| lists.openwall.net | lists / announce owl-users owl-dev john-users john-dev passwdqc-users yescrypt popa3d-users / oss-security kernel-hardening musl sabotage tlsify passwords / crypt-dev xvendor / Bugtraq Full-Disclosure linux-kernel linux-netdev linux-ext4 linux-hardening linux-cve-announce PHC | |
|
Open Source and information security mailing list archives
| ||
|
Message-ID: <20210226012531.29231-1-walter-zh.wu@mediatek.com>
Date: Fri, 26 Feb 2021 09:25:31 +0800
From: Walter Wu <walter-zh.wu@...iatek.com>
To: Andrey Ryabinin <ryabinin.a.a@...il.com>,
Alexander Potapenko <glider@...gle.com>,
Dmitry Vyukov <dvyukov@...gle.com>,
Nathan Chancellor <natechancellor@...il.com>,
Arnd Bergmann <arnd@...db.de>,
Andrey Konovalov <andreyknvl@...gle.com>
CC: <kasan-dev@...glegroups.com>, <linux-mm@...ck.org>,
<linux-kernel@...r.kernel.org>,
<linux-arm-kernel@...ts.infradead.org>,
wsd_upstream <wsd_upstream@...iatek.com>,
<linux-mediatek@...ts.infradead.org>,
Walter Wu <walter-zh.wu@...iatek.com>,
Andrew Morton <akpm@...ux-foundation.org>
Subject: [PATCH v4] kasan: remove redundant config option
CONFIG_KASAN_STACK and CONFIG_KASAN_STACK_ENABLE both enable KASAN stack
instrumentation, but we should only need one config, so that we remove
CONFIG_KASAN_STACK_ENABLE and make CONFIG_KASAN_STACK workable. see [1].

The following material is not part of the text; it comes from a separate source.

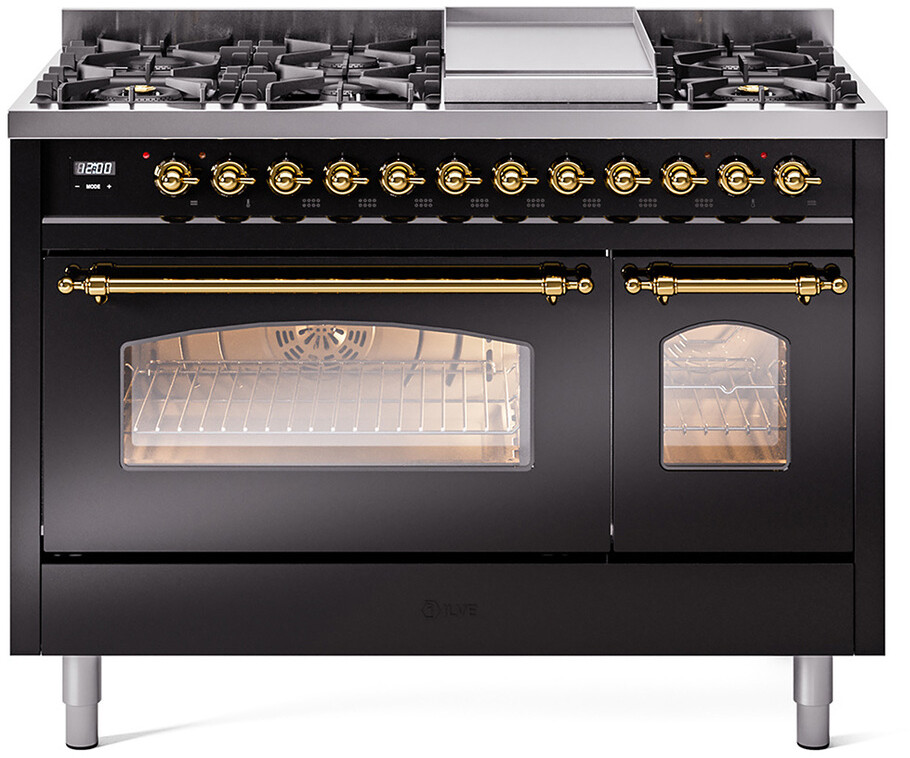 Freestanding Dual Fuel Range with 5 Sealed Burners, 5.02 cu. ft. Total Capacity, Double Oven, Fry Top, Coup de Feu, Storage Drawer, 9 Oven Cooking Functions, Quick Start, Soft Closing Oven Doors, Electronic Temperature Control and Continuous Cast Iron Grates: Glossy Black, Brass Trim. Enjoy versatile cooking with five sealed burners, providing a range of heat options for everything from gentle simmering to rapid boiling. Cook multiple dishes simultaneously with the spacious 5.02 cubic feet oven capacity, perfect for family meals and entertaining. Keep your kitchen tidy and your essentials within reach with the convenient storage drawer, ideal for storing cookware and accessories. The built-in griddle offers a large, flat cooking surface, perfect for making pancakes, grilling sandwiches, and searing meats. Experience professional-level cooking with the French top, allowing for precise temperature control across a large cooking surface. With power up to 25000 btu as standard. Optimal supply and perfect distribution of the heat, for all types of cooking. With non-stick nanotechnological treatment. The noble technical characteristics of brass are enriched with a nanotechnological coating that assures easy cleaning, with an elegant Total Black finish. Structure in AISI 304 steel with 12/10 thickness, option to choose the ideal combination between a gas hob with up to 9 burners or induction, mixed and in various setups. The indestructible cast iron pan supports provide a functional and safe support for the pots. The electronic control ensures that the temperature of the oven remains constant throughout, without fluctuating, as is the case in conventional ovens. It can be set with precision starting from 85F, for perfect proofing, up to 575F, for roasting. The door hinges are fitted with a shock absorber that makes the closure more gradual and noiseless. The quick oven preheating function allows it to reach the desired temperature in a short time and you can then choose the best-suited cooking mode for the dish. It also works as rapid defrosting when a low temperature is set (85F - 105F). Pizza function. Quick start. Multiple fan cooking. Intensive cooking. Fan grill cooking. Grill cooking with closed-door. Cooking from above. Cooking from below. Static normal cooking. Grill cooking with closed-door. Cooking from above. Cooking from below. Static normal cooking. Series: Nostalgie II. Fuel Type: Dual Fuel. Gas Type: Natural Gas. Installation Type: Freestanding. Oven Total Capacity (cu. ft.): 5.02. Sabbath Mode: No. Number of Racks: 2. Drawer Type: Storage Drawer. Display Type: LCD Display. Timer: Yes. Cooking Probe: Yes. Rotisserie: Yes. Soft Close Door: Yes. Cooktop Configuration: 5 Sealed Burners + Griddle + French Top. Burner/Element Type: Sealed Burner. Griddle: Yes. Grill: No. Oven Control Type: Knobs. Oven Door Type: Triple Glass Door. Number of Ovens: Double Oven. Main Oven Capacity (cu. ft.): 3.5. Second Oven Capacity (cu. ft.): 1.52. Oven Cleaning Type: Easy Clean Enamel Cavities. Main Oven Type: UOV 80 M. Second Oven Type: UOV 30 E. ADA Compliant: No. Star-K Certified: No. Voltage: 240 V. Amps: 25.8 A. Noblesse Frames: No. Width: 47 7/8". Depth: 25 1/2". Height: 36 1/4" - 38 1/2". Exterior Width: 48".

When enable KASAN stack instrumentation, then for gcc we could do no
prompt and default value y, and for clang prompt and default value n.
[1]: https://bugzilla.kernel.org/show_bug.cgi?id=210221
Signed-off-by: Walter Wu <walter-zh.wu@...iatek.com>
Suggested-by: Dmitry Vyukov <dvyukov@...gle.com>
Reviewed-by: Nathan Chancellor <natechancellor@...il.com>
Acked-by: Arnd Bergmann <arnd@...db.de>
Reviewed-by: Andrey Konovalov <andreyknvl@...gle.com>
Cc: Andrey Ryabinin <ryabinin.a.a@...il.com>
Cc: Dmitry Vyukov <dvyukov@...gle.com>
Cc: Alexander Potapenko <glider@...gle.com>
Cc: Andrew Morton <akpm@...ux-foundation.org>
---
v4: After this patch sent, someone had modification about KASAN_STACK,
so I need to rebase codebase. Thank Andrey for your pointing.
---
arch/arm64/kernel/sleep.S | 2 +-
arch/x86/kernel/acpi/wakeup_64.S | 2 +-
include/linux/kasan.h | 2 +-
lib/Kconfig.kasan | 8 ++------
mm/kasan/common.c | 2 +-
mm/kasan/kasan.h | 2 +-
mm/kasan/report_generic.c | 2 +-
scripts/Makefile.kasan | 10 ++++++++--
security/Kconfig.hardening | 4 ++--
9 files changed, 18 insertions(+), 16 deletions(-)
diff --git a/arch/arm64/kernel/sleep.S b/arch/arm64/kernel/sleep.S
index 5bfd9b87f85d..4ea9392f86e0 100644
--- a/arch/arm64/kernel/sleep.S
+++ b/arch/arm64/kernel/sleep.S
@@ -134,7 +134,7 @@ SYM_FUNC_START(_cpu_resume)
*/
bl cpu_do_resume
-#if defined(CONFIG_KASAN) && CONFIG_KASAN_STACK
+#if defined(CONFIG_KASAN) && defined(CONFIG_KASAN_STACK)
mov x0, sp
bl kasan_unpoison_task_stack_below
#endif
diff --git a/arch/x86/kernel/acpi/wakeup_64.S b/arch/x86/kernel/acpi/wakeup_64.S
index 56b6865afb2a..d5d8a352eafa 100644
--- a/arch/x86/kernel/acpi/wakeup_64.S
+++ b/arch/x86/kernel/acpi/wakeup_64.S
@@ -115,7 +115,7 @@ SYM_FUNC_START(do_suspend_lowlevel)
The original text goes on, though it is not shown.